All we really know for sure is that she was a devoted follower of Jesus and that she was the first to see Him alive again. Not only that, but she was the first person sent with the Good News. He could have appeared to Peter, John, the other disciples, or anyone else. But this would become the pattern of one person telling another for centuries.

We are all charged with not only telling the world that He is alive, but what that means. It means that our sins really are forgiven. It means there is life after death. And it means that the rest of the Bible is true.

Choosing the State Over God

Then Pilate took Jesus and flogged him. And the soldiers twisted together a crown of thorns and put it on his head and arrayed him in a purple robe. They came up to him, saying, “Hail, King of the Jews!” and struck him with their hands. Pilate went out again and said to them, “See, I am bringing him out to you that you may know that I find no guilt in him.” So Jesus came out, wearing the crown of thorns and the purple robe. Pilate said to them, “Behold the man!” When the chief priests and the officers saw him, they cried out, “Crucify him, crucify him!” Pilate said to them, “Take him yourselves and crucify him, for I find no guilt in him.” The Jews answered him, “We have a law, and according to that law he ought to die because he has made himself the Son of God.” When Pilate heard this statement, he was even more afraid. He entered his headquarters again and said to Jesus, “Where are you from?” But Jesus gave him no answer. So Pilate said to him, “You will not speak to me? Do you not know that I have authority to release you and authority to crucify you?” Jesus answered him, “You would have no authority over me at all unless it had been given you from above. Therefore he who delivered me over to you has the greater sin.”

From then on Pilate sought to release him, but the Jews cried out, “If you release this man, you are not Caesar’s friend. Everyone who makes himself a king opposes Caesar.” So when Pilate heard these words, he brought Jesus out and sat down on the judgment seat at a place called The Stone Pavement, and in Aramaic Gabbatha. Now it was the day of Preparation of the Passover. It was about the sixth hour. He said to the Jews, “Behold your King!” They cried out, “Away with him, away with him, crucify him!” Pilate said to them, “Shall I crucify your King?” The chief priests answered, “We have no king but Caesar.” So he delivered him over to them to be crucified. John 19:1-16.
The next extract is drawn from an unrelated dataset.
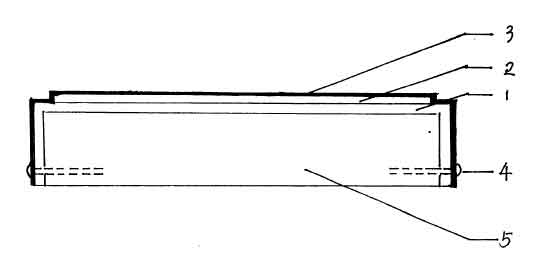 途中1為金屬面板,2為金剛砂層,3為電鍍金屬層,4為金屬面板與底座連接的緊固螺釘,5是底座。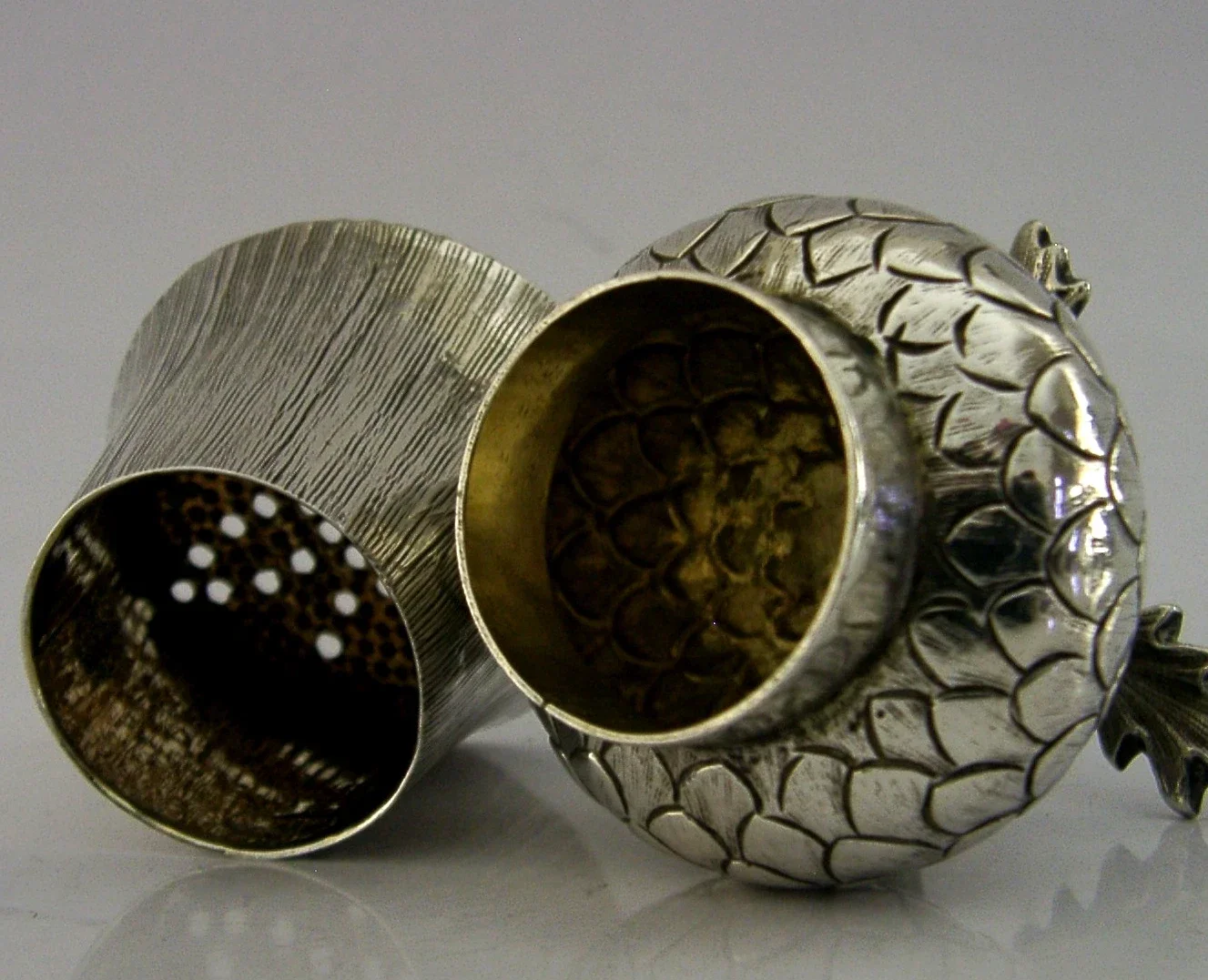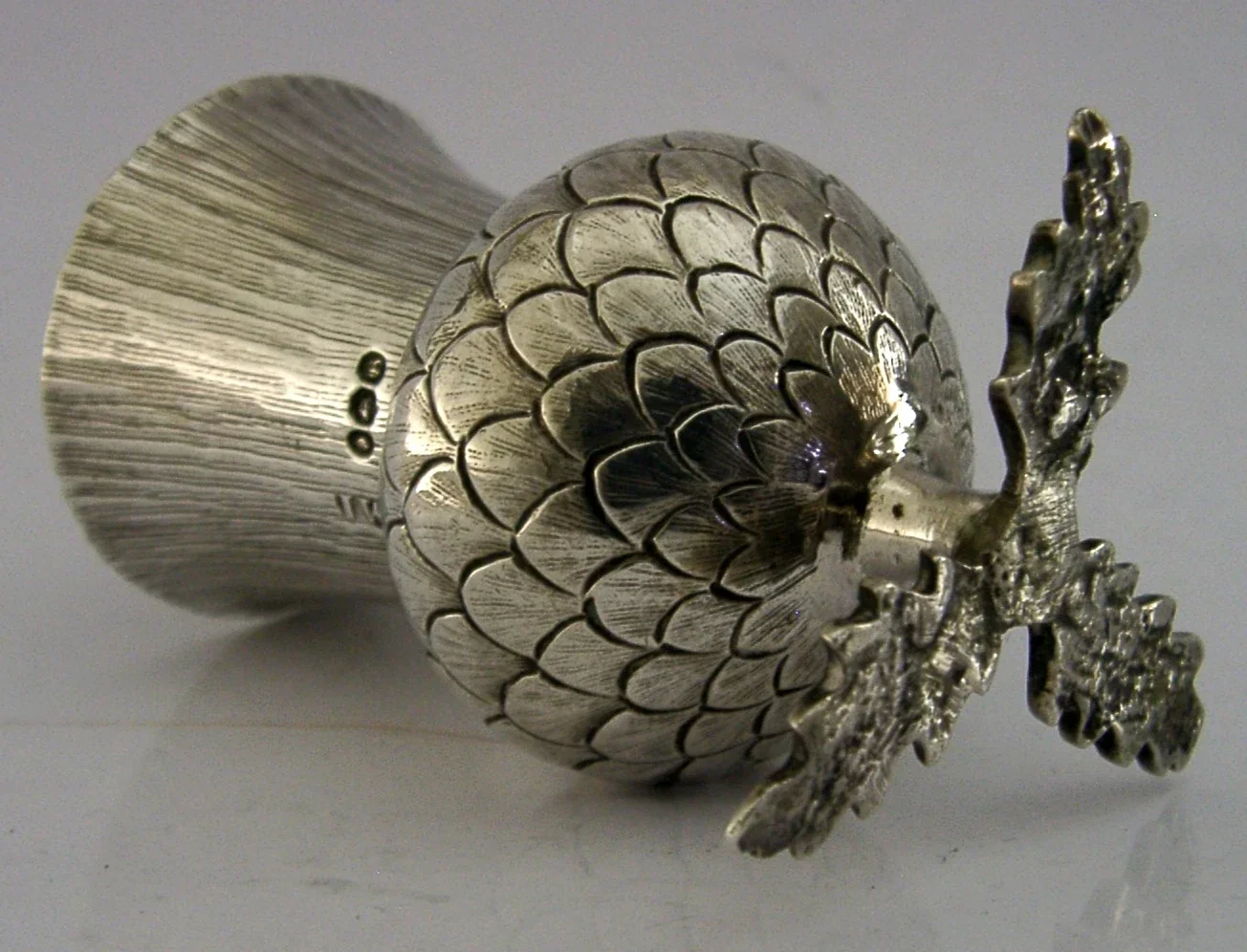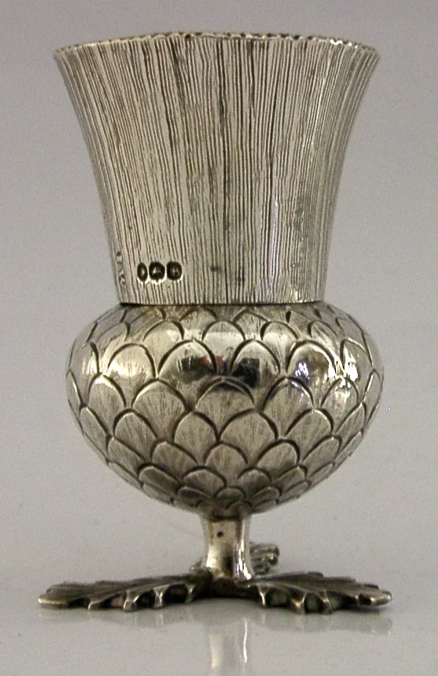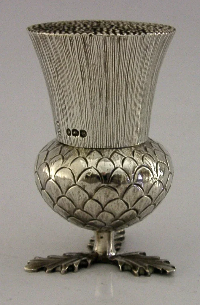 A rare English William IV antique solid sterling silver pounce pot. It is hallmarked for London 1837 with the maker being John Wellby. It has been superbly designed being made in the form of a Scottish thistle. It measures approx. 3 inches (7.6cm) tall by 1.75 inches (4.5cm) across and weighs 66 grams. A very impressive piece.

Pilate had to be confused. The Jews have no love for Rome, but here they are declaring their loyalty to Caesar over this other worldly preacher who rubbed them the wrong way. They are even questioning Pilate’s loyalty to Caesar for wanting to release Jesus. They just want Him dead.

This could not have happened in Capernaum, or Bethsaida. These are much smaller towns, where the people were more estranged from their government. Jerusalem was an urban center, where the religious rulers were used to interacting with the occupying force that ruled over them. In the small towns, everyone probaby knew someone Jesus healed. In Jerusalem, it was a disturbing sight to see the multitude calling Him the Son of David. He was a disruption of the political order to which the ministerial class had become accustomed.

If you are seeking first the kingdom of God, and Jesus is your king, you may have to ditch your patriotism at some point. And when you choose your country over your brothers and sisters in Christ, you are casting your ballot with the state over God. This is a time when some self-examination is in order.